Background & Motivation¶
Background: Estimating relative 3D rotation between two images is a fundamental task in camera localization and 3D reconstruction. Traditional methods rely on pixel-level correspondences (such as SIFT, LoFTR) to compute relative poses, performing well under scenes with sufficient overlap. Recent works (such as DenseCorrVol, CascadedAtt) have also begun to explore rotation estimation under extreme, non-overlapping views.
Limitations of Prior Work: (1) Traditional feature matching methods fail under extreme views (few or no overlap) because they cannot extract valid correspondences; (2) Existing extreme rotation estimation methods (DenseCorrVol, CascadedAtt) are trained and evaluated only on controlled images cropped from panoramas—featuring a fixed 90° FoV, consistent illumination, and identical camera intrinsics—and fail to generalize to real-world Internet photos; (3) Real-world Internet images pose severe appearance diversity challenges: varying illumination, weather, seasons, dynamic objects, and diverse camera intrinsics.
Key Challenge: Existing methods perform well on "simulated" extreme views, but the extremity of real-world Internet images far exceeds that of cropped panoramic images—they are extreme not only in view but also in appearance and camera parameters.
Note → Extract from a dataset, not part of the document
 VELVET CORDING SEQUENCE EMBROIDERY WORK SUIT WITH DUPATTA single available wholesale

Meanwhile, most camera views in Internet image sets capture overlapping areas (since SfM requires dense imagery), leaving the number of genuinely non-overlapping image pairs very limited, leading to insufficient training data.
Goal: (1) How to construct a real-world Internet extreme-view image pair dataset? (2) How to enable the model to progressively generalize from controlled panoramic cropped data to real-world Internet data? (3) How to reason about relative rotation using implicit cues (vanishing points, shadow directions, skylines, etc.) in non-overlapping cases?
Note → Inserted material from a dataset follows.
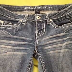 White stitched low rise denim. Cute with boots or sneakers. Washed creases under pockets.

Key Insight: Identify rotation-dominated image pairs by constructing a Mutual Nearest Neighbors (MNN) graph combined with FoV-adaptive overlap estimation; bridge the data scarcity gap with progressive learning—first learning baseline capabilities on panoramic cropped data, then approaching the real data distribution via FoV augmentation and diffusion-based appearance augmentation, and finally fine-tuning on real data.
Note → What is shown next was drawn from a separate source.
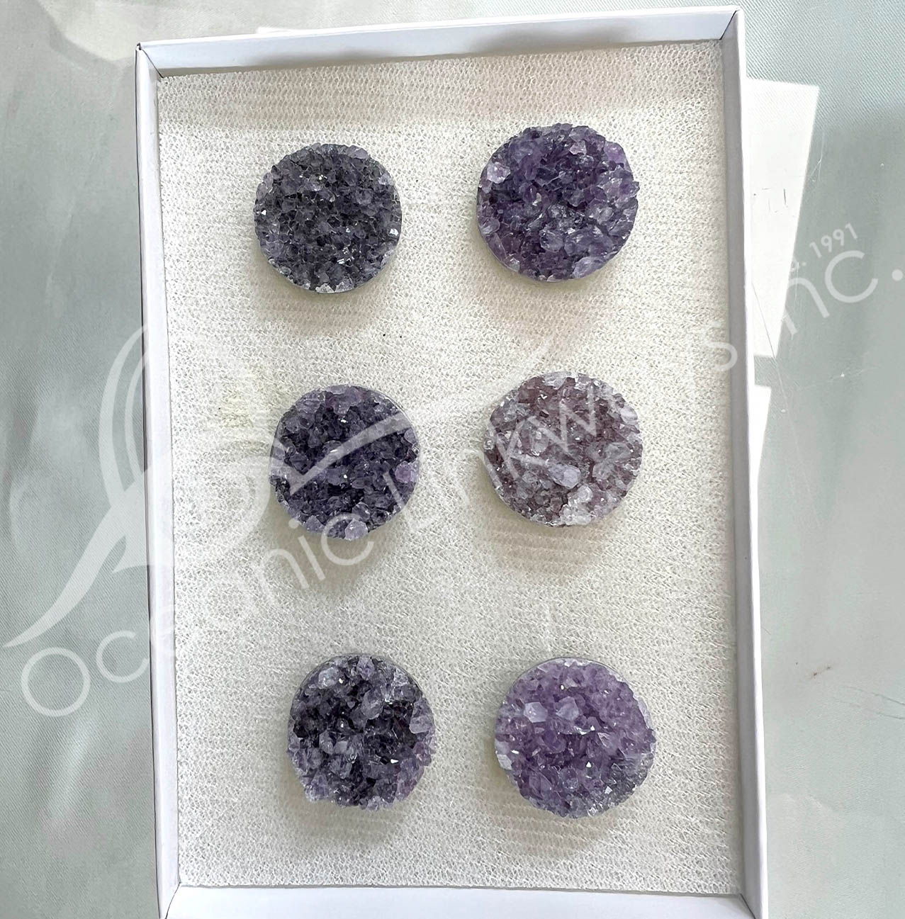 (CLOSE OUT) CABOCHON – AMETHYST AA CIRCLE DRUSE XS (PAIR) 0.5″

Core Idea: Elevate extreme rotation estimation from controlled panoramic environments to real in-the-wild Internet photos via a progressive cross-domain learning scheme and an auxiliary-channel-augmented Transformer.
Method¶
Overall Architecture¶
Input a pair of potentially non-overlapping Internet images. Use a pre-trained LoFTR to extract image features, combine them with auxiliary channels (keypoint masks, match masks, semantic segmentation maps), and reshape them into token sequences. After adding learnable Euler angle position embeddings, the sequences are fed into a rotation estimation Transformer (Decoder architecture). The output Euler angle tokens are concatenated with the average image token, and three independent MLP heads are used to predict the 360-bin probability distributions of roll/pitch/yaw.
Key Designs¶
-
ExtremeLandmarkPairs (ELP) Dataset Construction:
- Function: Provides a training and evaluation benchmark for real-world Internet extreme-view image pairs.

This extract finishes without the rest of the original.